#### [EXERCISE DETAILS]
Below are some records. Return exactly their lines from the one containing "化驗室的家具包括實驗臺、設(shè)備臺" through the one containing "Dokumentasi before–after layanan", and drop the pictures.

#### [DATA EXTRACTS]
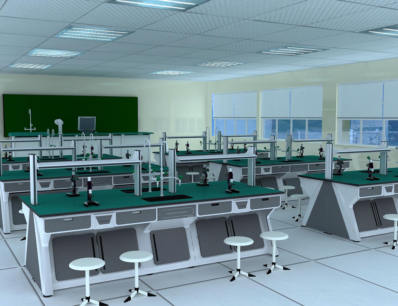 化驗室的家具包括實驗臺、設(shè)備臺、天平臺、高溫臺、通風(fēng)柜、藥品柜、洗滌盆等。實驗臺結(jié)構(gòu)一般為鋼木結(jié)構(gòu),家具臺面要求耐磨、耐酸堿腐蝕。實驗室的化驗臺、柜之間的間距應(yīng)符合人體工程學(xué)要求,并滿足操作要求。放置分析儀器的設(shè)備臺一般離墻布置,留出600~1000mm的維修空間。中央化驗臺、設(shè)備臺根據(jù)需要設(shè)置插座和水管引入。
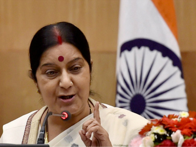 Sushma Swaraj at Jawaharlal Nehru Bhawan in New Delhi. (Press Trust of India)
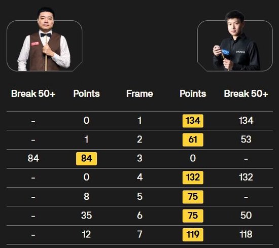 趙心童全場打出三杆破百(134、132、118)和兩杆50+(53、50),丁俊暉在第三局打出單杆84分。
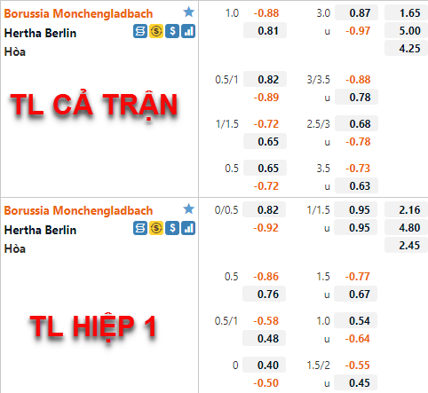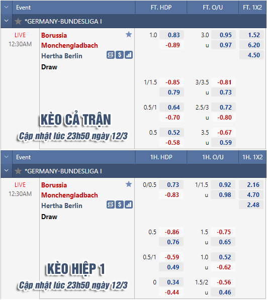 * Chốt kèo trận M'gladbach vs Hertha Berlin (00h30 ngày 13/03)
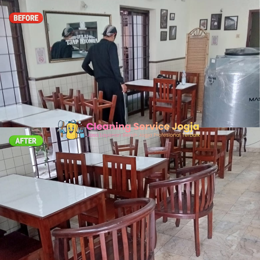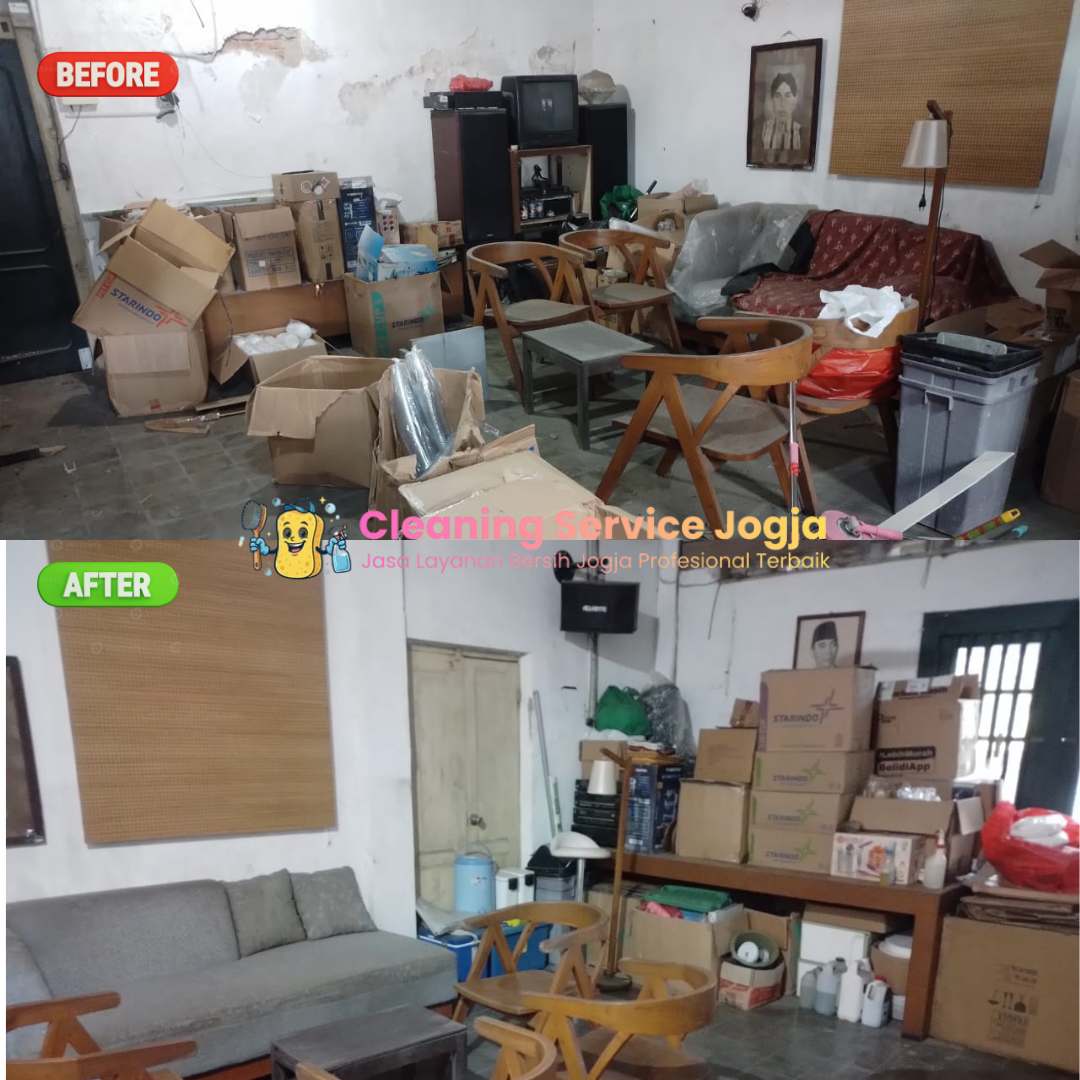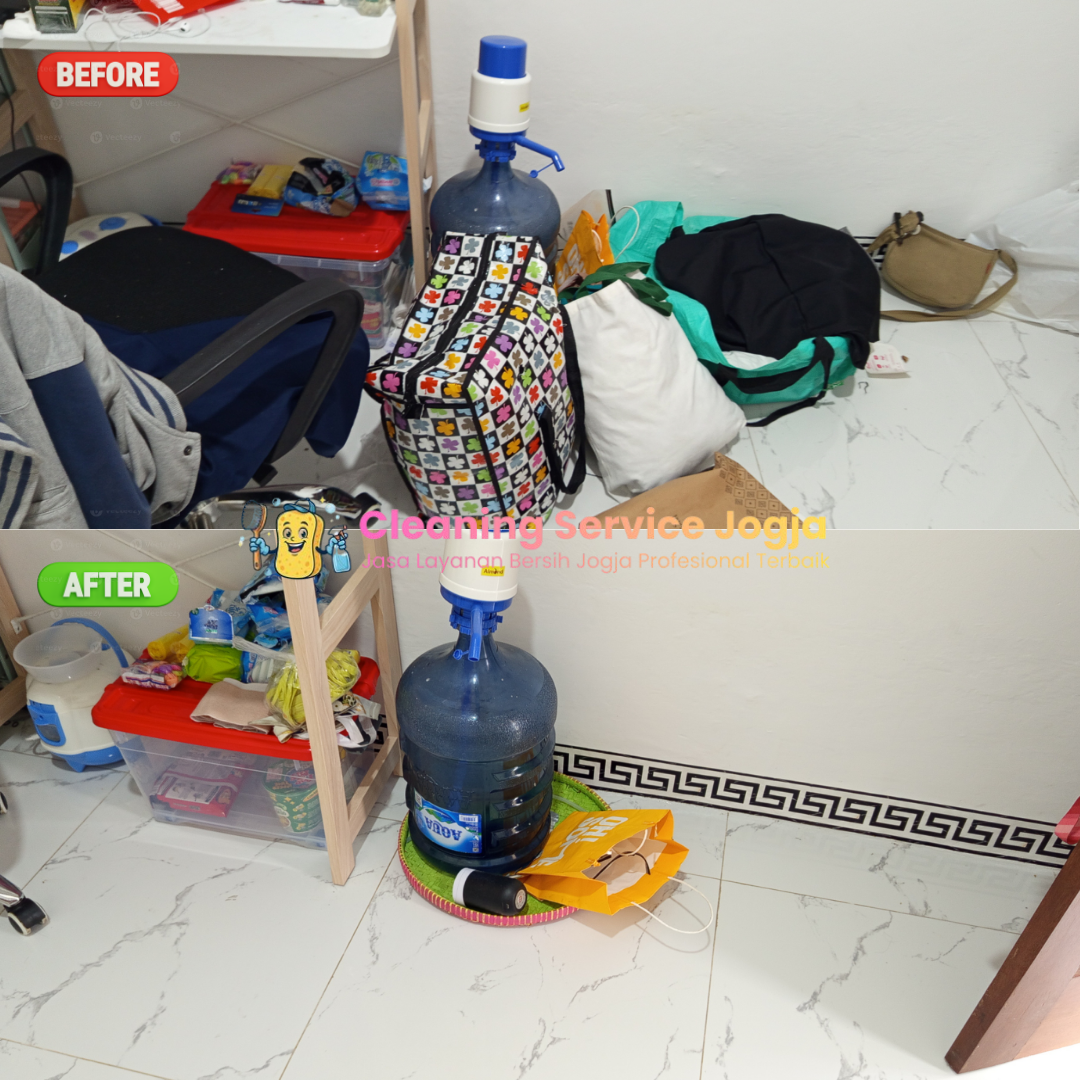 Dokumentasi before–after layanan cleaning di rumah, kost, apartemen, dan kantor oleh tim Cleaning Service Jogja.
--
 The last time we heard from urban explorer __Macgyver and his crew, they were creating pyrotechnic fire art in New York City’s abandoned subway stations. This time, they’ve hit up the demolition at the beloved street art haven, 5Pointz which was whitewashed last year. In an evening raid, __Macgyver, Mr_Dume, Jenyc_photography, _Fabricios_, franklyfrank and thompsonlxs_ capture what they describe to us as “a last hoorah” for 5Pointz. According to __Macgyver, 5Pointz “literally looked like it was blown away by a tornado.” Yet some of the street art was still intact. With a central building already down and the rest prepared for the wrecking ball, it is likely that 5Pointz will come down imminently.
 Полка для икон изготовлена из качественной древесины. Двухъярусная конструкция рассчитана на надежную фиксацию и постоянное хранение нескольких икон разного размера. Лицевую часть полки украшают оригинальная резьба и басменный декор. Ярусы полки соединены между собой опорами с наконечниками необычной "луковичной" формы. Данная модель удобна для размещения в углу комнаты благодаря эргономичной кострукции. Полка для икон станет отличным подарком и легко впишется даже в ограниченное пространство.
---
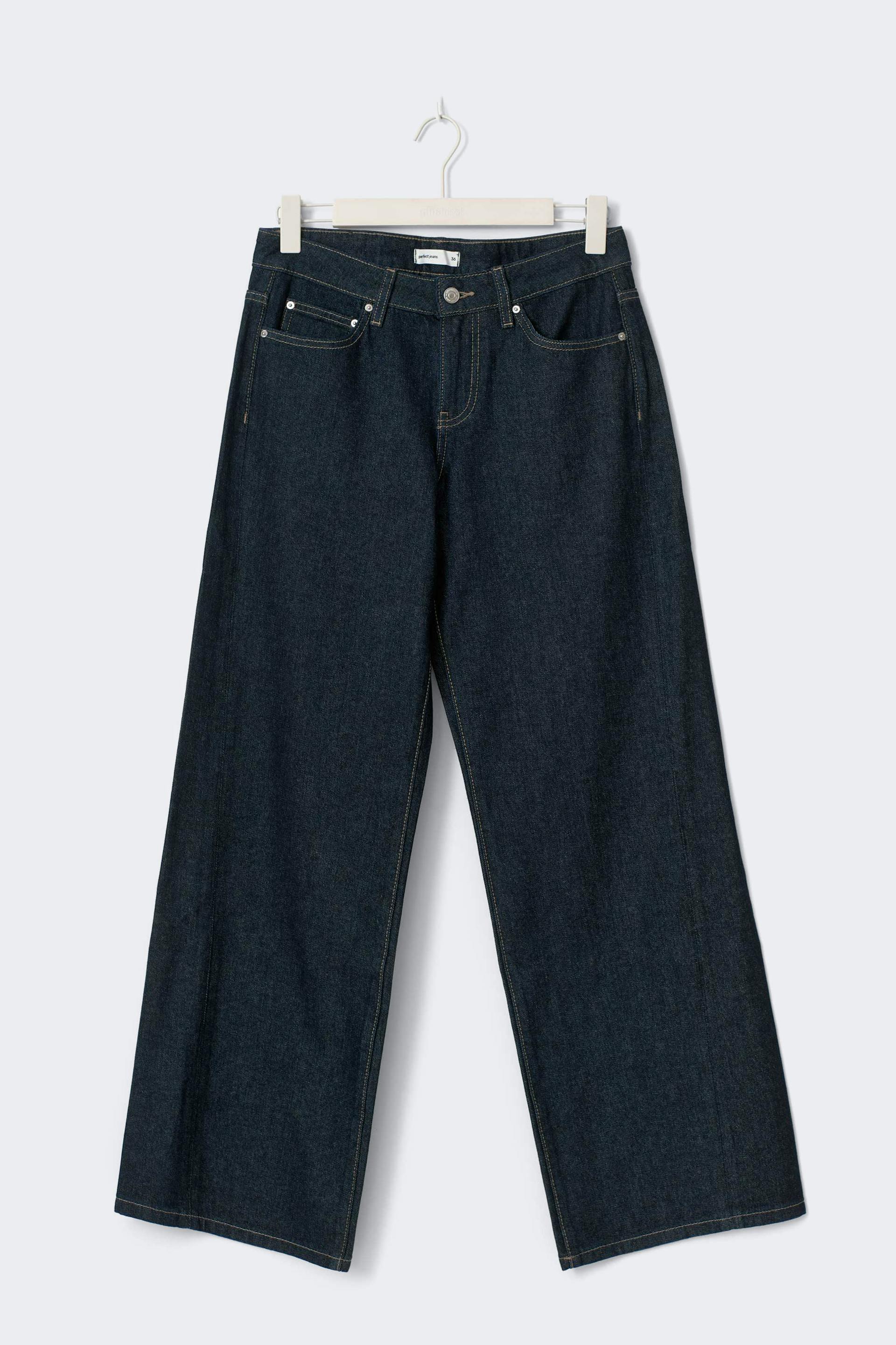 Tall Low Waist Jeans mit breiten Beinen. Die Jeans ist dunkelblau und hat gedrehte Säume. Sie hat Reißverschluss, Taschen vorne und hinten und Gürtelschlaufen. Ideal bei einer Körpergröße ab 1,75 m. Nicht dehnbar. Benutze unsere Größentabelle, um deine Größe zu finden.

#### [SOLUTION BELOW]
 化驗室的家具包括實驗臺、設(shè)備臺、天平臺、高溫臺、通風(fēng)柜、藥品柜、洗滌盆等。實驗臺結(jié)構(gòu)一般為鋼木結(jié)構(gòu),家具臺面要求耐磨、耐酸堿腐蝕。實驗室的化驗臺、柜之間的間距應(yīng)符合人體工程學(xué)要求,并滿足操作要求。放置分析儀器的設(shè)備臺一般離墻布置,留出600~1000mm的維修空間。中央化驗臺、設(shè)備臺根據(jù)需要設(shè)置插座和水管引入。
 Sushma Swaraj at Jawaharlal Nehru Bhawan in New Delhi. (Press Trust of India)
 趙心童全場打出三杆破百(134、132、118)和兩杆50+(53、50),丁俊暉在第三局打出單杆84分。
 * Chốt kèo trận M'gladbach vs Hertha Berlin (00h30 ngày 13/03)
 Dokumentasi before–after layanan cleaning di rumah, kost, apartemen, dan kantor oleh tim Cleaning Service Jogja.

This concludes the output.